### Extracted data
========================

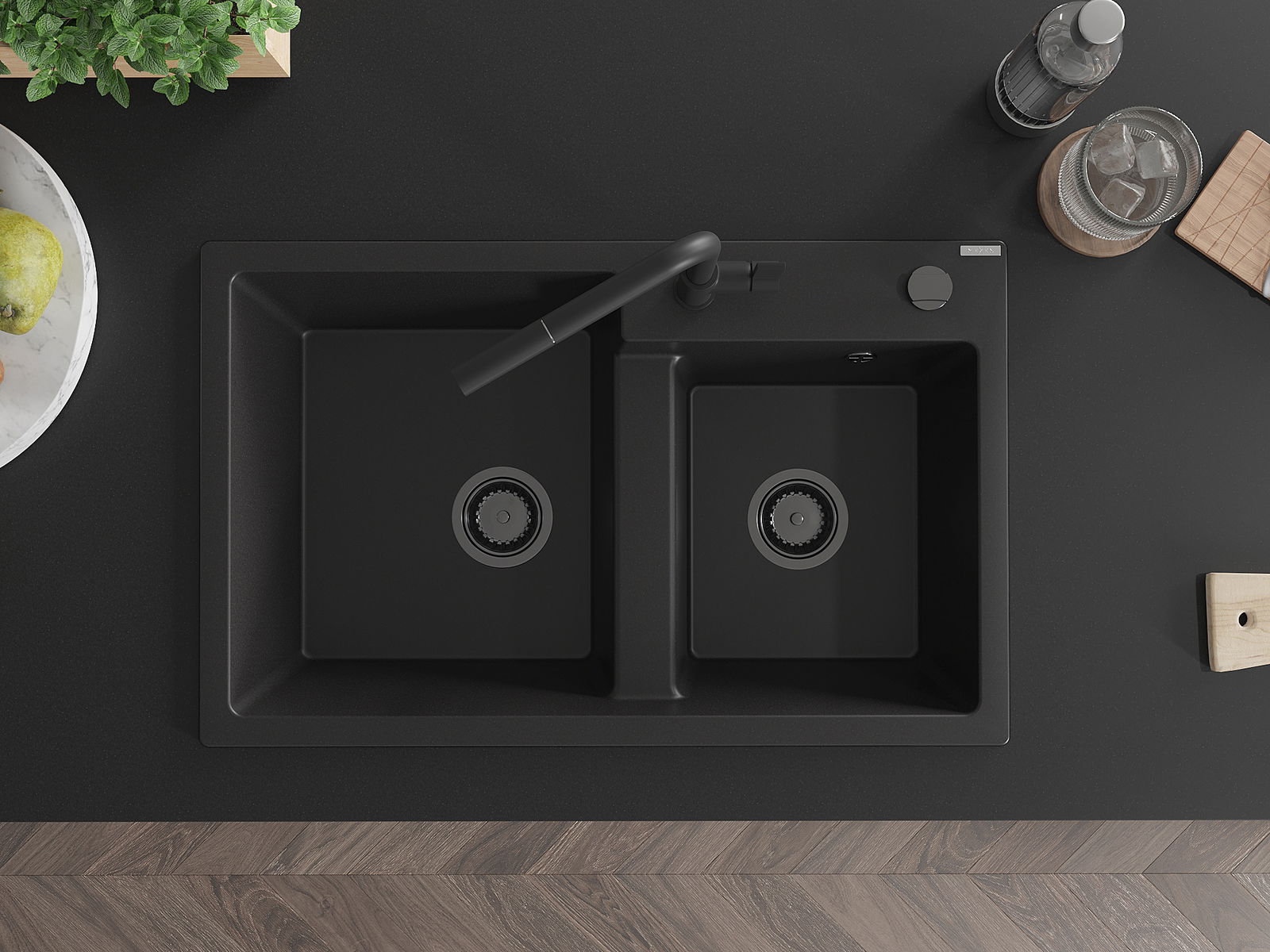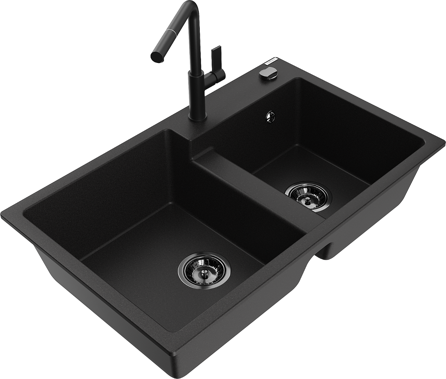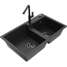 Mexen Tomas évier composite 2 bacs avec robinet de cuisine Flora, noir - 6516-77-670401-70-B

========================

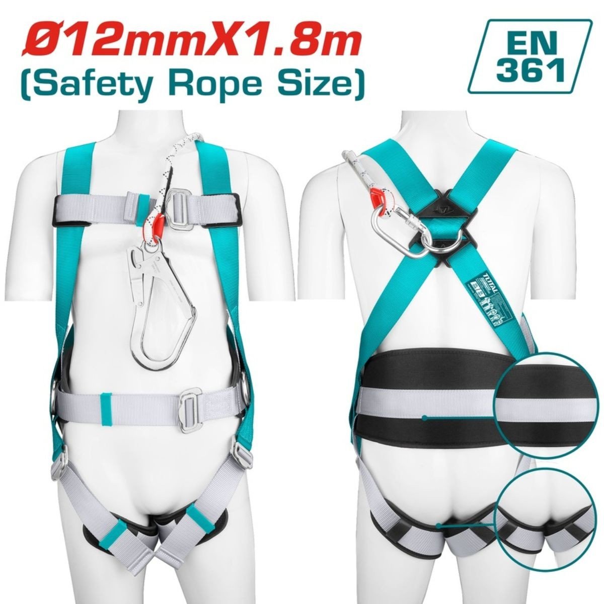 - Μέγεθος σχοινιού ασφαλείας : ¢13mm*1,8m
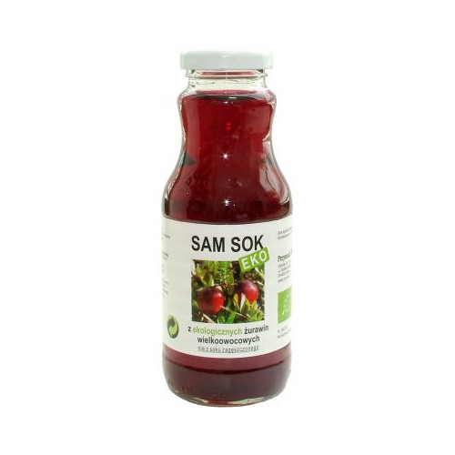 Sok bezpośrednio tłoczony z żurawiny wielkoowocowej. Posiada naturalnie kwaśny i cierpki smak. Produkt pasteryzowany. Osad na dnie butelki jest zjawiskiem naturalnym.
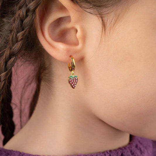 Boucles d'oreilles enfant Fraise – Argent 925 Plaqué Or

========================

### What to produce
Write back the stretch of lines above that begins with the line holding "Sok bezpośrednio tłoczony" and ends with the line holding "Boucles d'oreilles enfant", both included, exactly as written. Pictures stay out.

### Answer to this task
 Sok bezpośrednio tłoczony z żurawiny wielkoowocowej. Posiada naturalnie kwaśny i cierpki smak. Produkt pasteryzowany. Osad na dnie butelki jest zjawiskiem naturalnym.
 Boucles d'oreilles enfant Fraise – Argent 925 Plaqué Or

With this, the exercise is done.